____ Data records

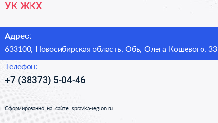УК ЖКХ по адресу 633100, Новосибирская область, Обь, Олега Кошевого, 33 в дальнейшем Организация, размещена в следующих категориях:
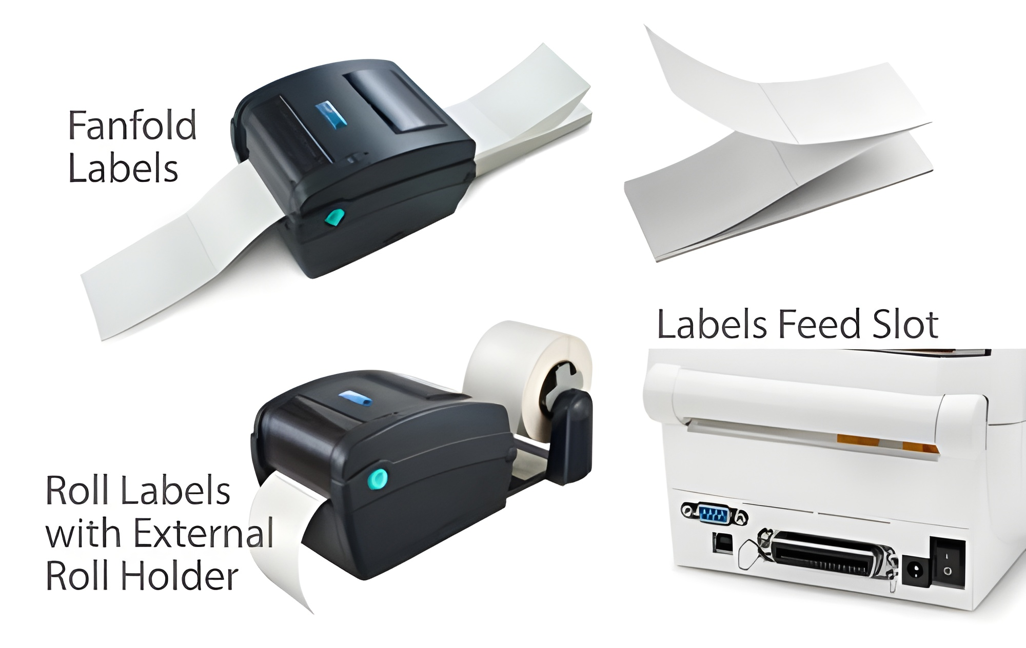 Almost all printers have an external feed source in the back of the printer. Label Unwinders help hold roll label material (up to 12 inches) as the printer pulls it in. Options include no adjustment for breaking or adjustable frictionless breaking on Non-powered units.
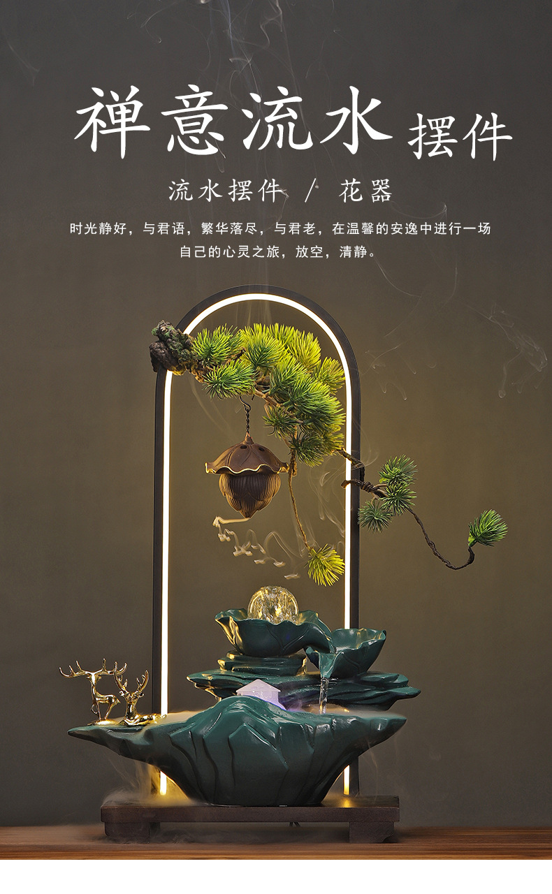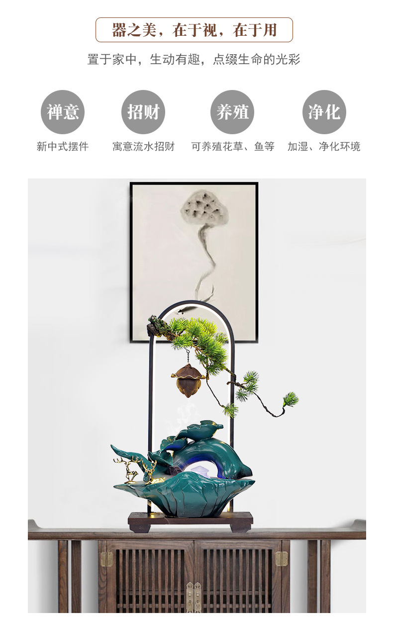 새로운 중국 스타일 부를 만드는 물 장식품 홈 거실 데스크탑 분수 풍경 장식 사무실 오프닝 선물
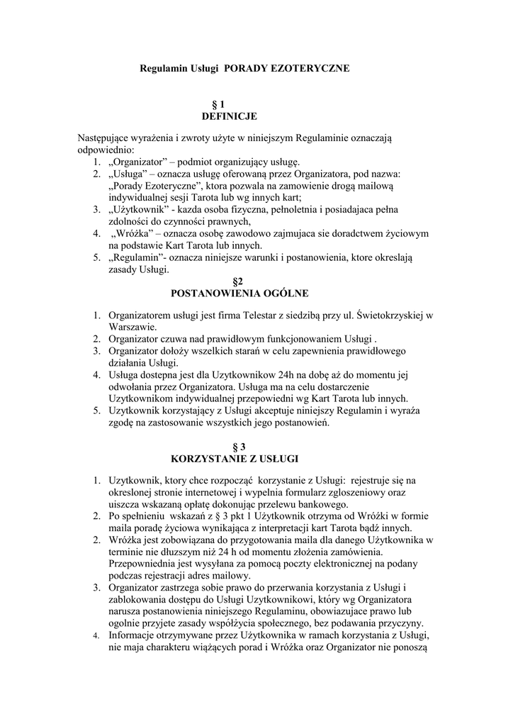 Regulamin Usługi PORADY EZOTERYCZNE §1 DEFINICJE Następujące wyrażenia i zwroty użyte w niniejszym Regulaminie oznaczają odpowiednio: 1. „Organizator” – podmiot organizujący usługę. 2. „Usługa” – oznacza usługę oferowaną przez Organizatora, pod nazwa: „Porady Ezoteryczne”, ktora pozwala na zamowienie drogą mailową indywidualnej sesji Tarota lub wg innych kart; 3. „Użytkownik” - kazda osoba fizyczna, pełnoletnia i posiadajaca pełna zdolności do czynności prawnych, 4. „Wróżka” – oznacza osobę zawodowo zajmujaca sie doradctwem życiowym na podstawie Kart Tarota lub innych. 5. „Regulamin”- oznacza niniejsze warunki i postanowienia, ktore okreslają zasady Usługi. §2 POSTANOWIENIA OGÓLNE 1. Organizatorem usługi jest firma Telestar z siedzibą przy ul. Świetokrzyskiej w Warszawie. 2. Organizator czuwa nad prawidłowym funkcjonowaniem Usługi . 3. Organizator dołoży wszelkich starań w celu zapewnienia prawidłowego działania Usługi. 4. Usługa dostepna jest dla Uzytkownikow 24h na dobę aż do momentu jej odwołania przez Organizatora. Usługa ma na celu dostarczenie Uzytkownikom indywidualnej przepowiedni wg Kart Tarota lub innych. 5. Uzytkownik korzystający z Usługi akceptuje niniejszy Regulamin i wyraźa zgodę na zastosowanie wszystkich jego postanowień. §3 KORZYSTANIE Z USŁUGI 1. Uzytkownik, ktory chce rozpocząć korzystanie z Usługi: rejestruje się na okreslonej stronie internetowej i wypelnia formularz zgloszeniowy oraz uiszcza wskazaną opłatę dokonując przelewu bankowego. 2. Po spełnieniu wskazań z § 3 pkt 1 Użytkownik otrzyma od Wróźki w formie maila poradę życiowa wynikająca z interpretacji kart Tarota bądź innych. 2. Wróżka jest zobowiązana do przygotowania maila dla danego Użytkownika w terminie nie dłuzszym niż 24 h od momentu złożenia zamówienia. Przepowniednia jest wysyłana za pomocą poczty elektronicznej na podany podczas rejestracji adres mailowy. 3. Organizator zastrzega sobie prawo do przerwania korzystania z Usługi i zablokowania dostępu do Usługi Uzytkownikowi, który wg Organizatora narusza postanowienia niniejszego Regulaminu, obowiazujace prawo lub ogolnie przyjete zasady współżycia społecznego, bez podawania przyczyny. 4. Informacje otrzymywane przez Użytkownika w ramach korzystania z Usługi, nie maja charakteru wiążących porad i Wróźka oraz Organizator nie ponoszą odpowiedzialnosci za sposob, w jaki Uzytkownik je wykorzysta i zinterpretuje. W zwiazku z powyzszym Uzytkownikowi nie przysługują ż adne roszczenia z tytułu poniesienia jakichkolwiek szkod powstałych lub mogacych powstać na skutek korzystania z tresci otrzymanych w ramach Usługi. §4 DOSTĘPNOŚĆ I KOSZT KORZYSTANIA Z USŁUGI 1. Usługa jest dostępna po opłaceniu wskazanej kwoty za pomocą karty platniczej. 2. Cena za skorzystanie z usługi to 60 zl z Vat. §5 REKLAMACJE Wszelkie reklamacje i zastrzeżenia dotyczące korzystania z Usługi mogą być składane przez Użytkowników pisemne wraz ze szczegołowym uzasadnieniem w terminie 14 dni od dnia jej zakonczenia pod rygorem wygasniecia jakichkolwiek roszczen danej osoby w zwiazku z Usługa. Reklamacje wpływajace po powyższym terminie nie beda rozpatrywane. Reklamacje Użytkownikow dotyczace Usługi będą rozpatrywane niezwłocznie, jednakze nie pozniej niż w terminie 21 dni roboczych od daty otrzymania. Zainteresowani zostaną powiadomieni o sposobie rozpatrzenia reklamacji drogą elektroniczna lub pocztową. §6 POSTANOWIENIA KOŃCOWE 1. Organizator nie ponosi odpowiedzialnosci za: a. problemy w funkcjonowaniu Usługi, jezeli nastapiły one wskutek zdarzeń, ktorych Organizator przy zachowaniu nalezytej starannosci nie był w stanie przewidzieć lub ktorym nie mogł zapobiec, w szczegolnosci w przypadku problemów zwiazanych ze zdarzeniami losowymi o charakterze siły wyzszej. b. szkody spowodowane nieprawidłowym korzystaniem przez Użytkownika z Usługi, c. szkody spowodowane wykorzystaniem przez Użytkownika informacji otrzymanych w wyniku korzystania z Usługi, d. korzystanie z Usługi przez Użytkownikow niezgodnie z postanowieniami niniejszego Regulaminu lub bez zapoznania się z Regulaminem, w tym zwłaszcza wynikajace z niewłasciwego zrozumienia przez Użytkownika charakteru Usługi, 2. Uzytkownicy wyrazają zgodę na przetwarzanie swoich danych osobowych w celach związanych z przeprowadzeniem Usługi, zgodnie z Ustawa o ochronie danych osobowych z dnia 29.08.1997r. Kazdy z Użytkownikow ma prawo wgladu do swoich danych osobowych ich poprawiania oraz ż ad ̨ ania usunięcia. Administratorem bazy danych Użytkownikow w rozumieniu w/w ustawy jest Organizator. 3. Organizator zastrzega sobie prawo zmiany postanowień Regulaminu w razie zmiany przepisow prawnych lub z innej waznej przyczyny. Zmiany Regulaminu wchodzą w ż ycie z dniem ich publikacji na stronie internetowej. 5. Regulamin dostępy jest w siedzibie Organizatora.
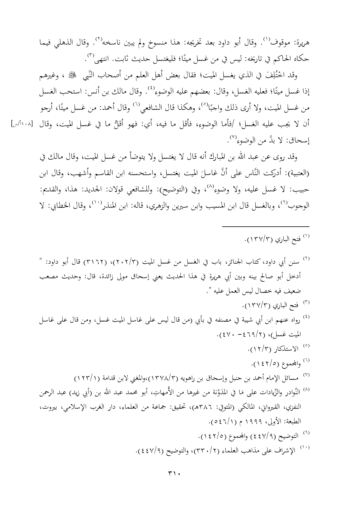 هريرة: موقوف (¬١). وقال أبو داود بعد تخريجه: هذا منسوخ ولم يبين ناسخه (¬٢). وقال الذهلي فيما حكاه الحاكم في تاريخه: ليس في من غسل ميتًا؛ فليغتسل حديث ثابت. انتهى (¬٣).
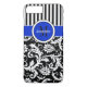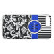This personalized black and white Case-Mate custom iPhone 7 case has a floral damask and striped background pattern with a royal blue and white band and circle to add your name, initials, monogram or other text to. This modern and trendy new case makes a chic statement for the hip young fashionista! If you need assistance, email niteowlstudio@gmail.com.
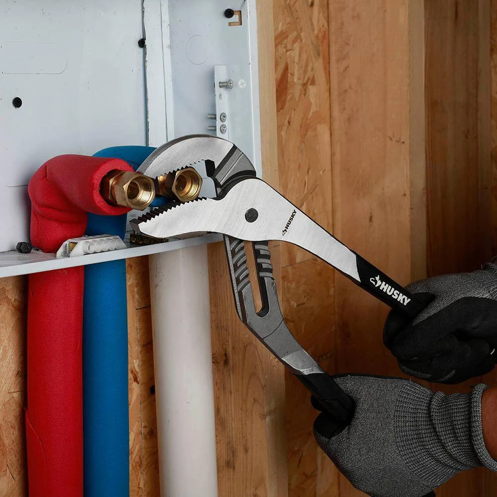 The 12 in. Husky Groove Joint Pliers also known as tongue and groove pliers are often used for gripping irregularly shaped objects. They can also be used for clamping materials. They are also commonly used for turning and holding nuts and bolts. An advantage to this design of pliers is that it can adjust to a number of sizes without the distance in the handle growing wider. These pliers generally have long handles for increased leverage.
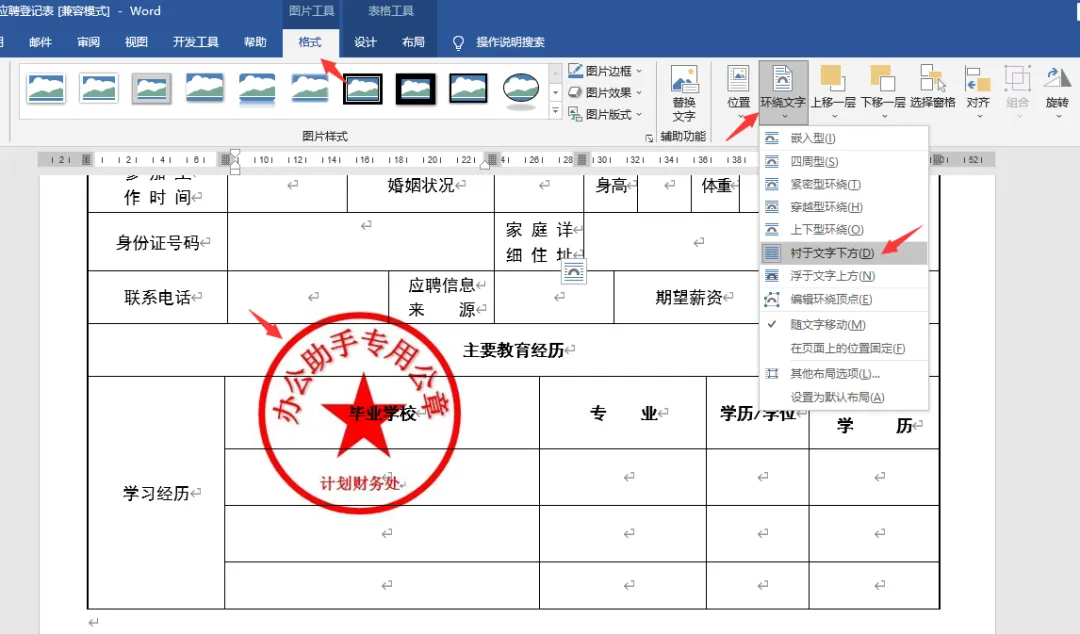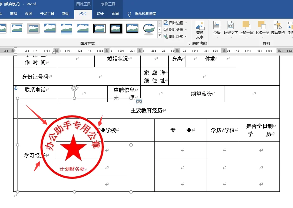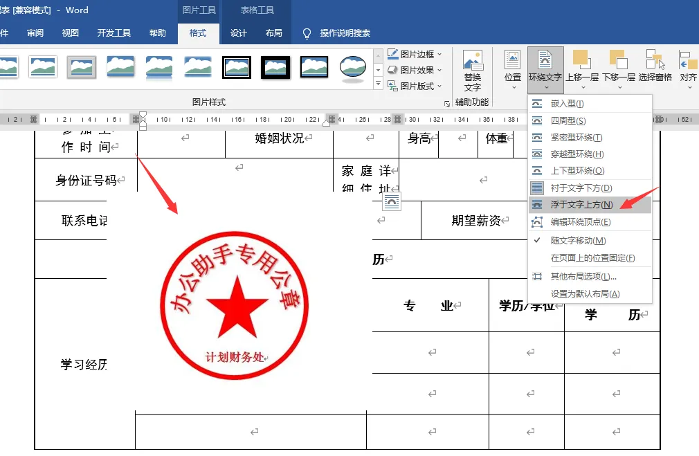 此时,公章图片默认以嵌入型环绕模式呈现,这种模式虽简单直接,但容易遮挡表格线条或文字内容,影响信息展示。因此,需对图片环绕模式进行适当调整,以确保公章图片与文档内容和谐共存。

________

> **Task item**
When you copy the entries, keep every word exactly as it stands and drop any pictures.

> **Written solution**
УК ЖКХ по адресу 633100, Новосибирская область, Обь, Олега Кошевого, 33 в дальнейшем Организация, размещена в следующих категориях:
 Almost all printers have an external feed source in the back of the printer. Label Unwinders help hold roll label material (up to 12 inches) as the printer pulls it in. Options include no adjustment for breaking or adjustable frictionless breaking on Non-powered units.
 새로운 중국 스타일 부를 만드는 물 장식품 홈 거실 데스크탑 분수 풍경 장식 사무실 오프닝 선물
 Regulamin Usługi PORADY EZOTERYCZNE §1 DEFINICJE Następujące wyrażenia i zwroty użyte w niniejszym Regulaminie oznaczają odpowiednio: 1. „Organizator” – podmiot organizujący usługę. 2. „Usługa” – oznacza usługę oferowaną przez Organizatora, pod nazwa: „Porady Ezoteryczne”, ktora pozwala na zamowienie drogą mailową indywidualnej sesji Tarota lub wg innych kart; 3. „Użytkownik” - kazda osoba fizyczna, pełnoletnia i posiadajaca pełna zdolności do czynności prawnych, 4. „Wróżka” – oznacza osobę zawodowo zajmujaca sie doradctwem życiowym na podstawie Kart Tarota lub innych. 5. „Regulamin”- oznacza niniejsze warunki i postanowienia, ktore okreslają zasady Usługi. §2 POSTANOWIENIA OGÓLNE 1. Organizatorem usługi jest firma Telestar z siedzibą przy ul. Świetokrzyskiej w Warszawie. 2. Organizator czuwa nad prawidłowym funkcjonowaniem Usługi . 3. Organizator dołoży wszelkich starań w celu zapewnienia prawidłowego działania Usługi. 4. Usługa dostepna jest dla Uzytkownikow 24h na dobę aż do momentu jej odwołania przez Organizatora. Usługa ma na celu dostarczenie Uzytkownikom indywidualnej przepowiedni wg Kart Tarota lub innych. 5. Uzytkownik korzystający z Usługi akceptuje niniejszy Regulamin i wyraźa zgodę na zastosowanie wszystkich jego postanowień. §3 KORZYSTANIE Z USŁUGI 1. Uzytkownik, ktory chce rozpocząć korzystanie z Usługi: rejestruje się na okreslonej stronie internetowej i wypelnia formularz zgloszeniowy oraz uiszcza wskazaną opłatę dokonując przelewu bankowego. 2. Po spełnieniu wskazań z § 3 pkt 1 Użytkownik otrzyma od Wróźki w formie maila poradę życiowa wynikająca z interpretacji kart Tarota bądź innych. 2. Wróżka jest zobowiązana do przygotowania maila dla danego Użytkownika w terminie nie dłuzszym niż 24 h od momentu złożenia zamówienia. Przepowniednia jest wysyłana za pomocą poczty elektronicznej na podany podczas rejestracji adres mailowy. 3. Organizator zastrzega sobie prawo do przerwania korzystania z Usługi i zablokowania dostępu do Usługi Uzytkownikowi, który wg Organizatora narusza postanowienia niniejszego Regulaminu, obowiazujace prawo lub ogolnie przyjete zasady współżycia społecznego, bez podawania przyczyny. 4. Informacje otrzymywane przez Użytkownika w ramach korzystania z Usługi, nie maja charakteru wiążących porad i Wróźka oraz Organizator nie ponoszą odpowiedzialnosci za sposob, w jaki Uzytkownik je wykorzysta i zinterpretuje. W zwiazku z powyzszym Uzytkownikowi nie przysługują ż adne roszczenia z tytułu poniesienia jakichkolwiek szkod powstałych lub mogacych powstać na skutek korzystania z tresci otrzymanych w ramach Usługi. §4 DOSTĘPNOŚĆ I KOSZT KORZYSTANIA Z USŁUGI 1. Usługa jest dostępna po opłaceniu wskazanej kwoty za pomocą karty platniczej. 2. Cena za skorzystanie z usługi to 60 zl z Vat. §5 REKLAMACJE Wszelkie reklamacje i zastrzeżenia dotyczące korzystania z Usługi mogą być składane przez Użytkowników pisemne wraz ze szczegołowym uzasadnieniem w terminie 14 dni od dnia jej zakonczenia pod rygorem wygasniecia jakichkolwiek roszczen danej osoby w zwiazku z Usługa. Reklamacje wpływajace po powyższym terminie nie beda rozpatrywane. Reklamacje Użytkownikow dotyczace Usługi będą rozpatrywane niezwłocznie, jednakze nie pozniej niż w terminie 21 dni roboczych od daty otrzymania. Zainteresowani zostaną powiadomieni o sposobie rozpatrzenia reklamacji drogą elektroniczna lub pocztową. §6 POSTANOWIENIA KOŃCOWE 1. Organizator nie ponosi odpowiedzialnosci za: a. problemy w funkcjonowaniu Usługi, jezeli nastapiły one wskutek zdarzeń, ktorych Organizator przy zachowaniu nalezytej starannosci nie był w stanie przewidzieć lub ktorym nie mogł zapobiec, w szczegolnosci w przypadku problemów zwiazanych ze zdarzeniami losowymi o charakterze siły wyzszej. b. szkody spowodowane nieprawidłowym korzystaniem przez Użytkownika z Usługi, c. szkody spowodowane wykorzystaniem przez Użytkownika informacji otrzymanych w wyniku korzystania z Usługi, d. korzystanie z Usługi przez Użytkownikow niezgodnie z postanowieniami niniejszego Regulaminu lub bez zapoznania się z Regulaminem, w tym zwłaszcza wynikajace z niewłasciwego zrozumienia przez Użytkownika charakteru Usługi, 2. Uzytkownicy wyrazają zgodę na przetwarzanie swoich danych osobowych w celach związanych z przeprowadzeniem Usługi, zgodnie z Ustawa o ochronie danych osobowych z dnia 29.08.1997r. Kazdy z Użytkownikow ma prawo wgladu do swoich danych osobowych ich poprawiania oraz ż ad ̨ ania usunięcia. Administratorem bazy danych Użytkownikow w rozumieniu w/w ustawy jest Organizator. 3. Organizator zastrzega sobie prawo zmiany postanowień Regulaminu w razie zmiany przepisow prawnych lub z innej waznej przyczyny. Zmiany Regulaminu wchodzą w ż ycie z dniem ich publikacji na stronie internetowej. 5. Regulamin dostępy jest w siedzibie Organizatora.
 هريرة: موقوف (¬١). وقال أبو داود بعد تخريجه: هذا منسوخ ولم يبين ناسخه (¬٢). وقال الذهلي فيما حكاه الحاكم في تاريخه: ليس في من غسل ميتًا؛ فليغتسل حديث ثابت. انتهى (¬٣).
This personalized black and white Case-Mate custom iPhone 7 case has a floral damask and striped background pattern with a royal blue and white band and circle to add your name, initials, monogram or other text to. This modern and trendy new case makes a chic statement for the hip young fashionista! If you need assistance, email niteowlstudio@gmail.com.
 The 12 in. Husky Groove Joint Pliers also known as tongue and groove pliers are often used for gripping irregularly shaped objects. They can also be used for clamping materials. They are also commonly used for turning and holding nuts and bolts. An advantage to this design of pliers is that it can adjust to a number of sizes without the distance in the handle growing wider. These pliers generally have long handles for increased leverage.
 此时,公章图片默认以嵌入型环绕模式呈现,这种模式虽简单直接,但容易遮挡表格线条或文字内容,影响信息展示。因此,需对图片环绕模式进行适当调整,以确保公章图片与文档内容和谐共存。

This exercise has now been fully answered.